Watch the AMA's daily COVID-19 update, with insights from AMA leaders and experts about the pandemic.


In today’s COVID-19 update, AMA discusses emerging cyber threats and what hospitals and physicians can do to protect themselves during the pandemic.

Learn more at the AMA COVID-19 resource center.

Speakers

  • Laura Hoffman, JD, assistant director, Federal Affairs, AMA

AMA COVID-19 Daily Video Update

AMA’s video collection features experts and physician leaders discussing the latest on the pandemic.


Unger: Hello, this is the American Medical Association's COVID-19 Update. Today we're talking about emerging cyber threats and what hospitals and physicians can do to protect themselves during the pandemic. I'm joined today by Laura Hoffman, the AMA's assistant director of federal affairs in Washington, DC. I'm Todd Unger, AMA's chief experience officer in Chicago. Laura, we've heard talk of some new cyber threats against hospitals recently. What's going on, and is there a cause for concern?

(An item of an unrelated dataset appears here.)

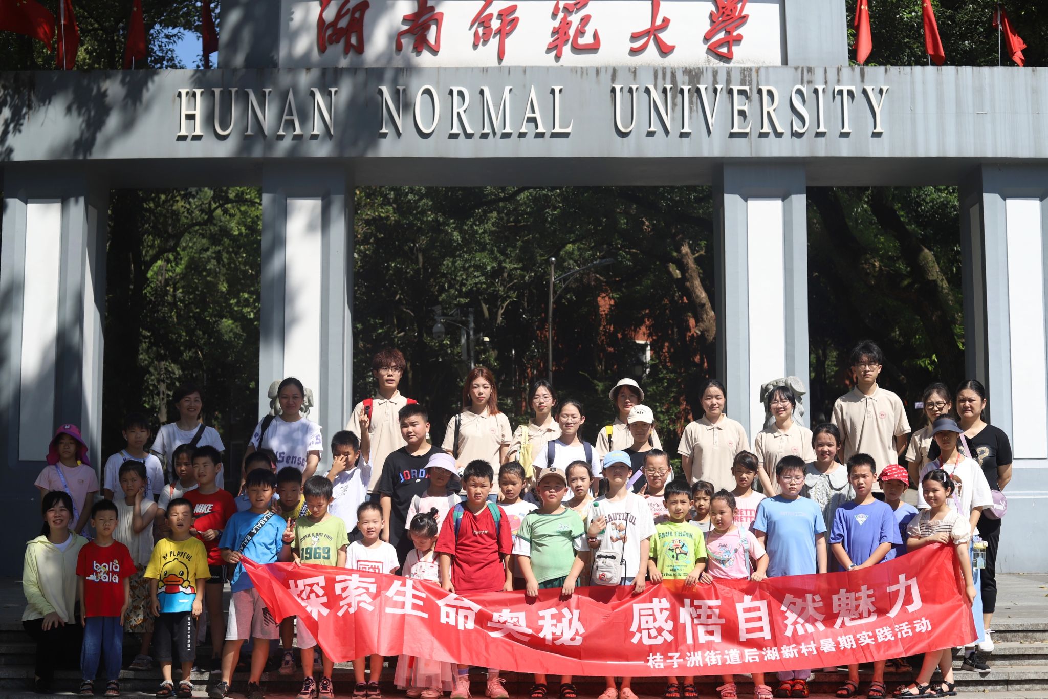 实践队成员与小朋友于太阳成集团tyc校门处合影

Hoffman: Yeah, lots going on and definitely cause for some concern, but we'll all remain calm and carry on, right? But definitely things that we want physicians to be thinking about regardless of where they practice. We've talked previously, Todd, about the increasing reliance on telehealth and how more patients are receiving care from home using different telehealth platforms, which has been, of course, a wonderful way for us to promote social distancing and preserving PPE.

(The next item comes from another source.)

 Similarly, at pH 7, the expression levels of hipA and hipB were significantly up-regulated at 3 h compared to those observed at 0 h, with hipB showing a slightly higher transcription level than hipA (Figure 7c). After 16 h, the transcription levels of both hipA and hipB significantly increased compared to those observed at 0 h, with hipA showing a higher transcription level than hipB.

But at the same time, what is good for the health care system and patients presents an opportunity, unfortunately, for cyber criminals. So, they see this now as an opportunity to perhaps exploit these increased use of telehealth systems and the fact that people are working in an environment that they may be less familiar with, and they are going to town in terms of trying to infiltrate to different systems that we've seen.

In the beginning we saw a lot of attacks on phishing and ransomware. Having people click on links for additional PPE that they might be trying to find, which in fact actually would then infect computers and systems. But now we, just in the last couple of weeks, have received some very, very urgent threat notifications from the FBI, the Federal Bureau of Investigation, as well as the cybersecurity infrastructure and security agency known as SISA. And they put out multiple joint statements warning the health care community specifically about impending threats, ramping up cyber-attacks and cyber-criminal activity, and letting folks know that basically the health care sector needs to pay a lot of attention because they are specifically being targeted right now.

Unger: Well, as if the pandemic was not bad enough, it's just yet another instance of where an issue existed before has been made worse by COVID-19. Can you give us any details on what those imminent cybercrime threats might entail and potential effects?

Hoffman: Sure. One of the biggest threats that we've seen recently actually is called the Ryuk ransomware. It's a type of ransomware—it's a little strange—it's almost ransomware as a service where a company designs really good malicious software and then puts it out there into the internet space where pretty much anyone can pick it up and use it as they wish. So, because of the design of that ransomware, we're seeing a lot of insider threats, unfortunately, where folks may recognize that their systems aren't patched as strongly as they should be or completely as they should be, and they're able to just insert this software right into some unsecured systems. One of the biggest examples we've actually seen recently is with the UHS health care system where computers were infected, and many practices had to shut down. Hospital systems where without their EHR for some time, many days.

One thing that is important to remember when these kinds of attacks come is that it's not just something that happens in a back room where the IT staff then gets busy to work and trying to fix the ransomware that has infected the system. It really is a system-wide impact when your systems are shut down. You can't pull up distinct patient records to learn what medications they're on or even what their diagnoses are. You aren't able to see new patients, which often leads to, especially in hospitals, often leads to redirecting patients to different facilities. In fact, recently, I believe it was in Germany, one of the infected hospital systems had to redirect a patient to a hospital that was 20 minutes away, and unfortunately that patient passed away during that time. And so, this was attributed to that.

Unger: So this is a real threat to patient safety.

Hoffman: Exactly.

Unger: And also, I'm assuming, puts patient information at risk?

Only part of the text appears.